Regarding whether a defendant had access to a speedy trial, the parties differ on what would be the proper standard of review. Here, the State argued for an abuse of discretion standard while the Defendant argued for a de novo review. Ultimately, the Court agreed with the Defendant and found that the “standard of review for whether a criminal defendant was denied the constitutional right to a speedy trial is de novo with deference to the trial court’s finding of facts unless the evidence preponderates otherwise”. Further, for this review, the Court examines four factors: the length of the delay; the reason for the delay; whether there was a demand for a speedy trial; and the presence/extent of prejudice to the defendant. Here, the Court found the trial had occurred less than fourteen months from when the events transpired; within that time, two continuances were granted to accommodate an older trial and to ensure a three-day window for this trial to occur. Accordingly, these delays were reasonable, weighing the first two factors against the defendant. For the third, it was undisputed that the Defendant requested a speedy trial which weighed in his favor. Finally, the Court found that the Defendant was unable to show “any discernible prejudice” suffered from his delay in the trial.
Finally, the Court agreed with the Defendant that the improper impeachment of Mr. Larry Woods “more probably than not” had an effect on the judgment to create a reversible error. Here, on cross-examination, the Prosecution almost immediately asked Mr. Woods if he had ever sold methamphetamine from his trailer. The trial court overruled the defense counsel’s objection to the questioning while the appellate court was thorough in explaining why this decision was in error. Here, however, the Defendant contends the appellate court erred as it should not have been deemed a harmless error. Ultimately, the Court found that because the evidence against the Defendant “was not overwhelming”, the effect that the improper impeachment had on the jury’s verdict was extremely difficult to quantify. Therein, the case was remanded to the trial court.
Overall, this decision was extremely important in its clarification of the proper standard of review regarding appeals for one’s right to a speedy trial. Interestingly, the Supreme Court of Tennessee did not follow the State’s preference of the standard that the Court of Criminal Appeals had utilized. Even though their ultimate holdings were the same for that point, the differentiation in the standards provides clarity for lower courts to lean upon in future cases.
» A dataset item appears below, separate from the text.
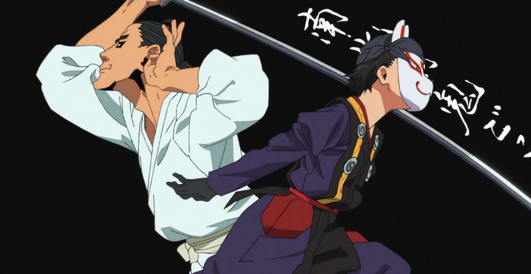 第六回では、綸旨を無事盗んだ玄蕃と時行が市河に見付かってしまい、玄蕃が刀で斬りつけられて、玄蕃を庇った時行が刀傷を負ってしまいます。玄蕃は時行に傷を負わせてしまった事に責任を感じ、追ってきた貞宗と市河に一人で対峙します。貞宗と市河は玄蕃を卑怯な技を使う盗人と侮りますが、玄蕃は忍者の技で二人を翻弄し、その隙に時行を仲間と合流させて逃がします。玄蕃は時行の一途さに触れて損得抜きで仕えたいと思うようになり、国一つの契約で逃若党に加わります。

Additionally, this standard will become increasingly crucial as courts continue to get back on track from the effects of COVID-19. While this case’s events occurred almost five years ago, the issue of providing a defendant with his right to a speedy trial will likely be one that appellate courts will face more often going forward. In addition, because the remnants of the pandemic are being felt nationwide, the Court’s ruling on its governing standard of review could be influential as other states face similar questions.